Bazen was planning on building a home on the property in April. However, he said that due to incidents involving himself, fellow property owners and naturists who frequent the beach, he is no longer following through with his plans.
“I spend a whole bunch of money buying a lot, getting a house designed, contracting a builder. I’m two weeks away from starting to build and I pull the pin because I’m not going to live there,” Bazen said.
He said he stopped construction of the house due to multiple instances where he and other property owners allegedly have been involved in altercations with naturists, seen people having sex in the lake midday and found used condoms and sex toys on the beach.
Penticton RCMP said there have been a “few (calls) a week” to the beach and it is “absolutely” taxing on their resources.
“On both party’s sides they want a definitive answer, are the courts going to support the nudists or are they going to support the landowners?” Staff Sgt. Kurt Lozinski said. “Obviously there needs to be a resolution to this because us, as the police, are getting pulled into the middle and it’s not fair to anybody.”
“There are two extremes and we can’t support any of the breaking of law.”
Dustin Wolchina, a naturist who frequents the beach, said an annual Canada Day potluck with over 100 people was going on when police were called to the beach.
“We want the RCMP present definitely, and we want the bullying to stop,” Wolchina said, adding he feels it hurts the economy when tourists are discouraged from attending the beach.
Bazen said the landowners have done nothing to the naturists.
“Not one of us landowners at Three Mile Beach has done so much as to lift one finger against them,” Bazen said.
“They think they have the right and they put up signs and post ‘this is a public nude beach, you may see nudity here proceed with caution.’ It’s a public beach, it’s a Penticton public beach and you know what? Penticton is a beach town,” Bazen said.
“We as citizens pay property tax and we’re entitled to private enjoyment of our property, which means we’re entitled to police protection to make people not commit criminal acts, this is all pretty basic logic.”
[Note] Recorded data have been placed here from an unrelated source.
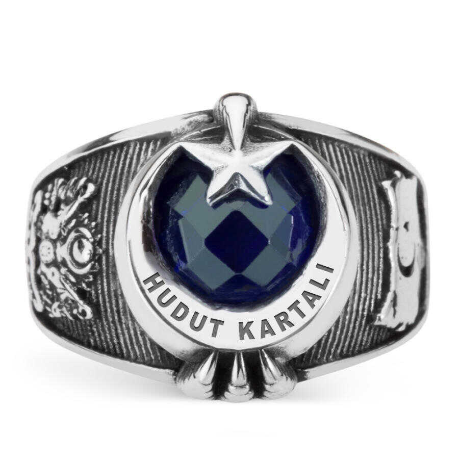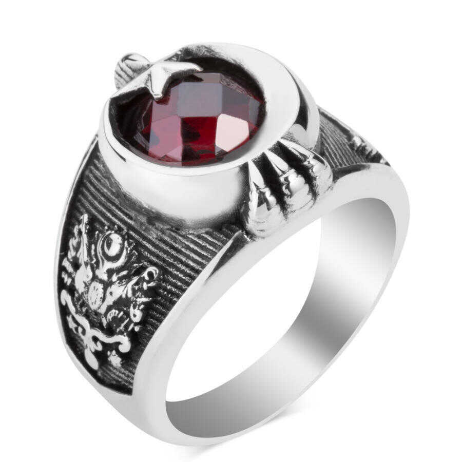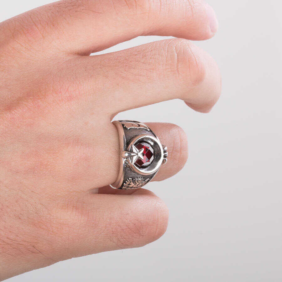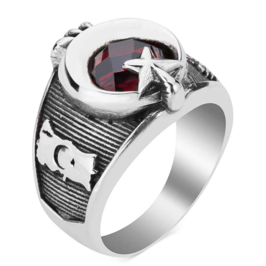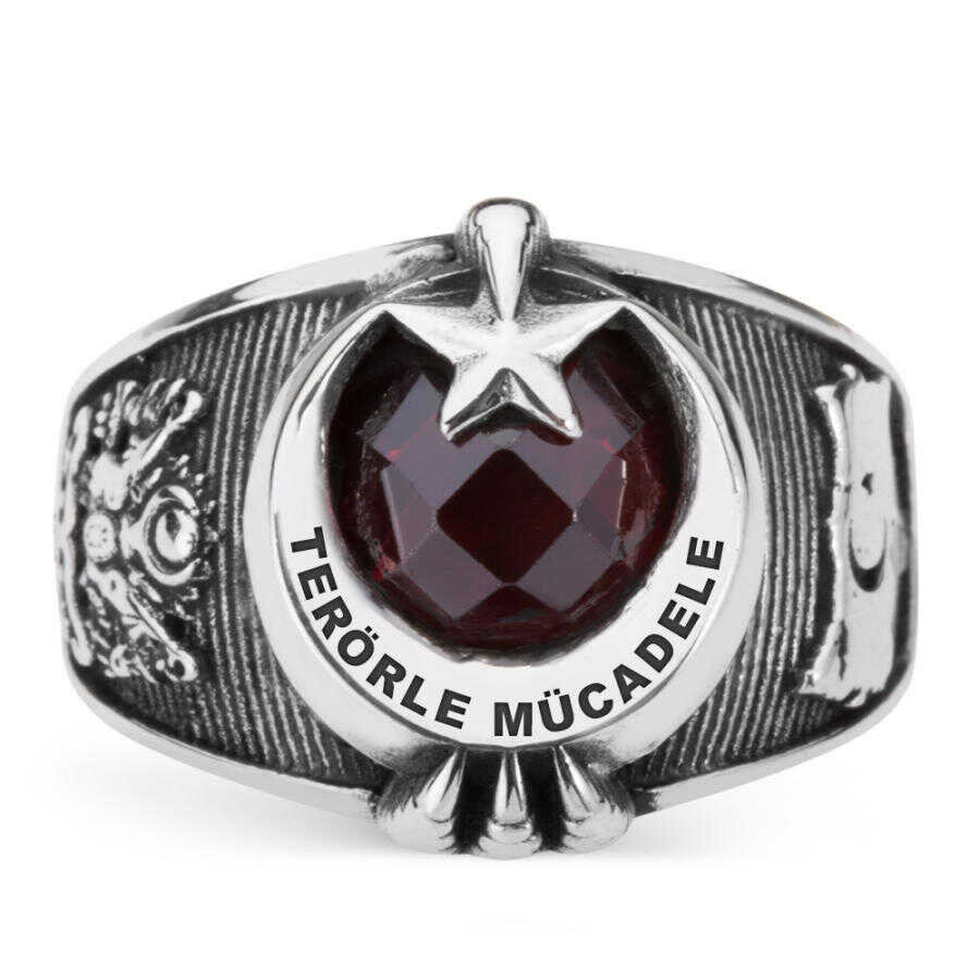 Terörle mücadele ekipleri için hazırlanan kırmızı zirkon taşlı 925 ayar gümüş ay yıldızlı "Terörle Mücadele" yüzüğü.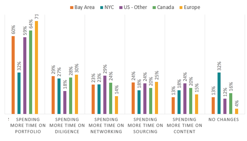 The pandemic is also changing the way VCs are spending their time. OMERS’ report found that 64 percent of Canadian firms reported spending more time on their portfolio during the pandemic. Venture capital firms in Canada and Europe are more than 20 percent more likely to report spending more time on their portfolio than US-based firms.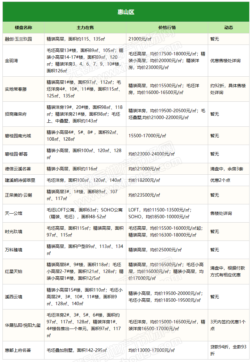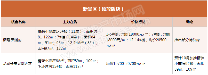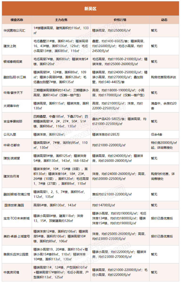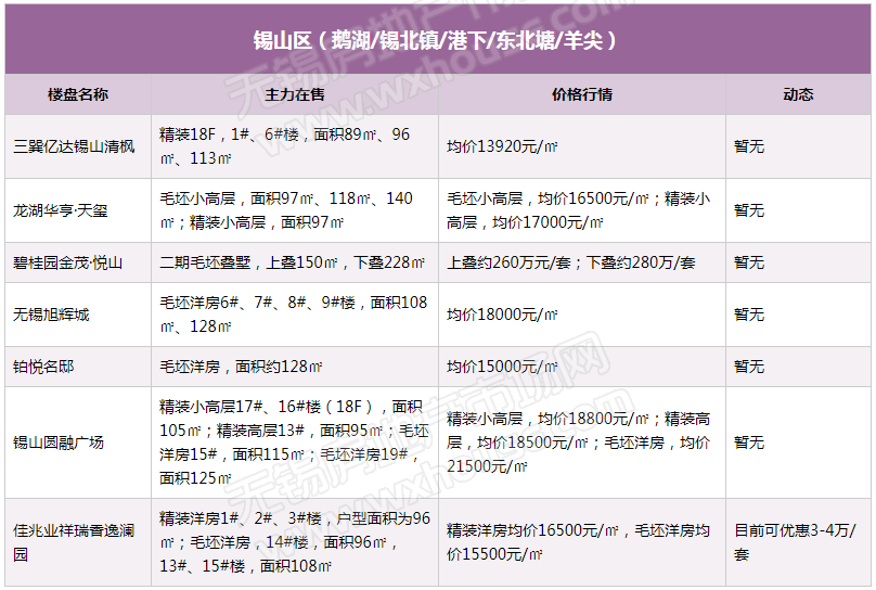 9月的“备案潮”并未如期而至,“金九”明显成色不足,为了促进成交不少开发商们开始通过特价房、打折等方式吸引客户,据悉,目前玖珑悦、金领蠡洲台、栖霞天樾府、新力翡翠湾等项目均有特惠房源在售。10月楼市能否“翻身”?值得关注。(注:下表整理内容为锡城主流楼盘、主流物业,均为售楼处报价)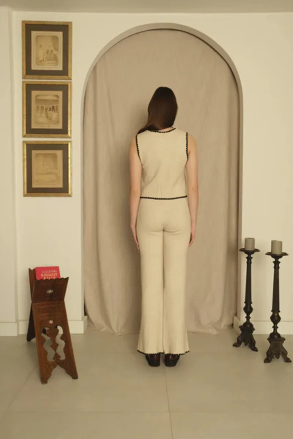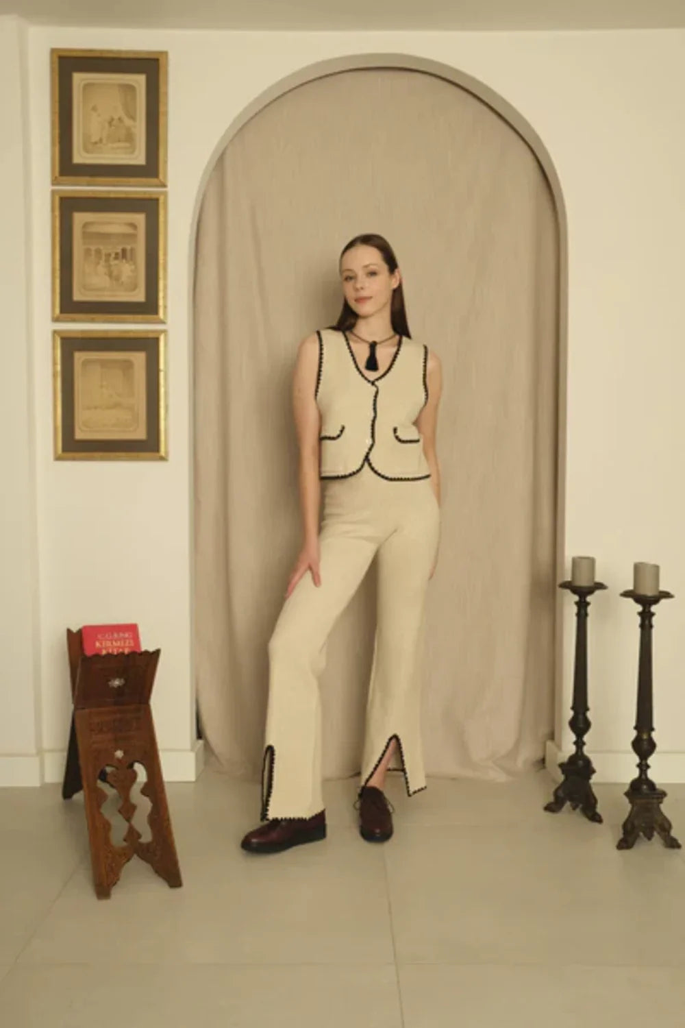 Triko Ekru Siyah Sıçandiş Nakışlı Yelek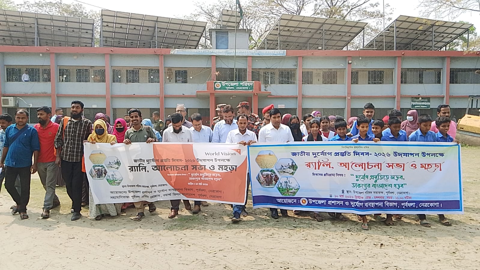 “দুর্যোগ প্রস্তুতিতে লড়ব, তারুণ্যের বাংলাদেশ গড়ব” স্লোগানকে সামনে রেখে নেত্রকোনার পূর্বধলা উপজেলায় জাতীয় দুর্যোগ প্রশমন প্রস্তুতি দিবস উপলক্ষে দুর্যোগ ঝুঁকি হ্রাসে সচেতনতা বৃদ্ধির লক্ষ্যে বর্ণাঢ্য র্যালি, আলোচনা সভা ও অগ্নিনির্বাপণ মহড়া অনুষ্ঠিত হয়েছে।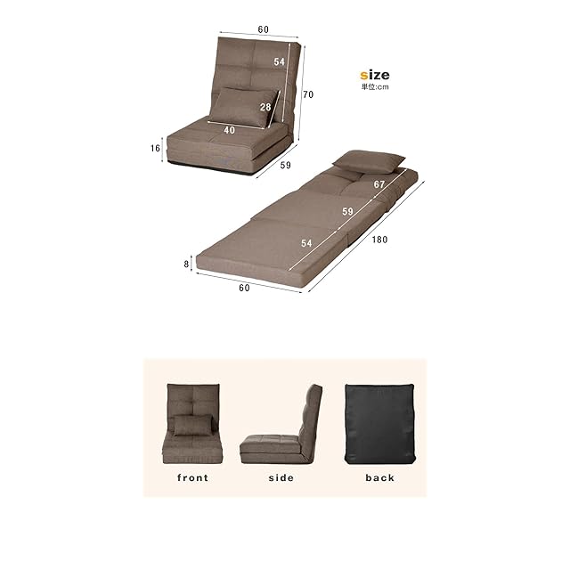 【サイズ】ソファ時:幅60×奥行60×高さ68cm / ベッド時:幅60×奥行180×厚さ8cm / クッション幅40×奥行28×厚さ11cm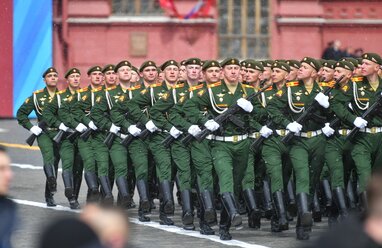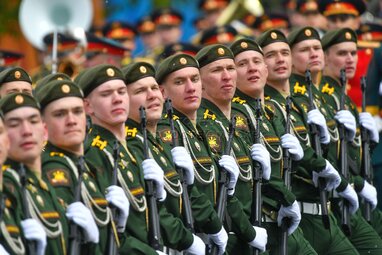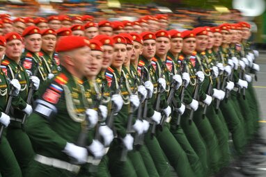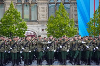 Курсанты и военнослужащие Военного университета Министерства обороны во время военного парада, посвященного 79-й годовщине Победы в Великой Отечественной войне на Красной площади.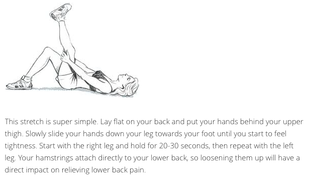 Some daily static hamstring stretches I use are the gentle knee to chest hamstring stretch and the more intense hamstring floor stretch.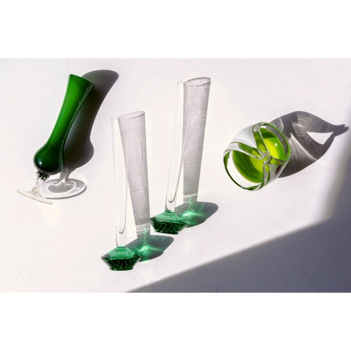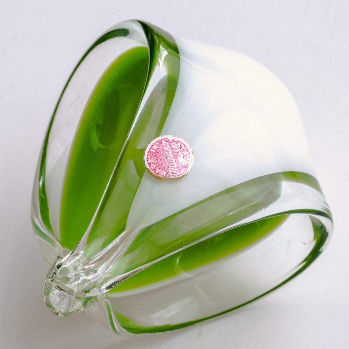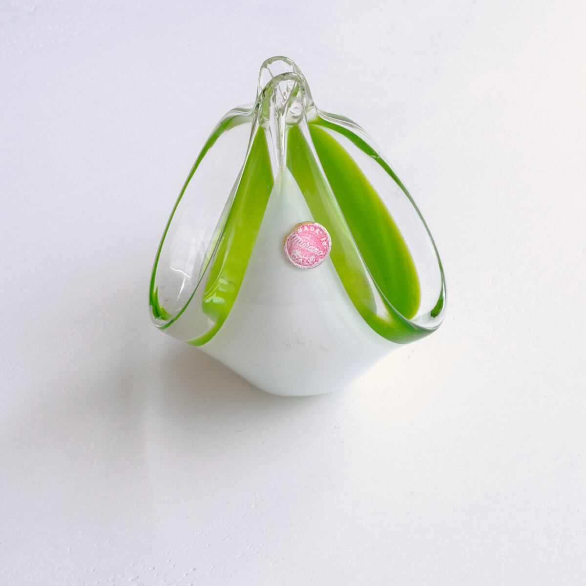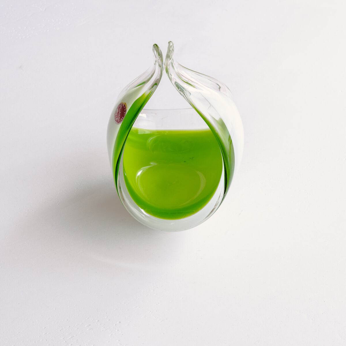ミルキーなホワイトとライムグリーンの色づかい、ころんとした丸みのある曲線的なデザインが美しいアートガラス。

Bazen is also unhappy with city council’s decision to leave the situation at the status quo.
“Council is tolerating it and saying ‘well it’s always been a nude beach’,” Bazen said. “It’s deplorable that our council doesn’t have the intestinal fortitude to deal with this.”
On the other side of the fence, Wachell is in favour of the council decision, but still feels that some issues need to be addressed.
“We’ve got a mayor and city council who said it’s status quo and everybody get along. We’ve got a few people who refuse to do that on the beach, we have a few officers who seem to be confused on the matter and we need to all come as a community together and make a decision,” Wachell said.
In April, a lawsuit was launched by Hermitage Vineyards Ltd., owned by Three Mile land owner Cary Pinkowski and his family, against Dustin Wolchina and Jacqueline Wachell, Kevin Proteau, Brenda Allen, Richard Giles and Ken Shaw.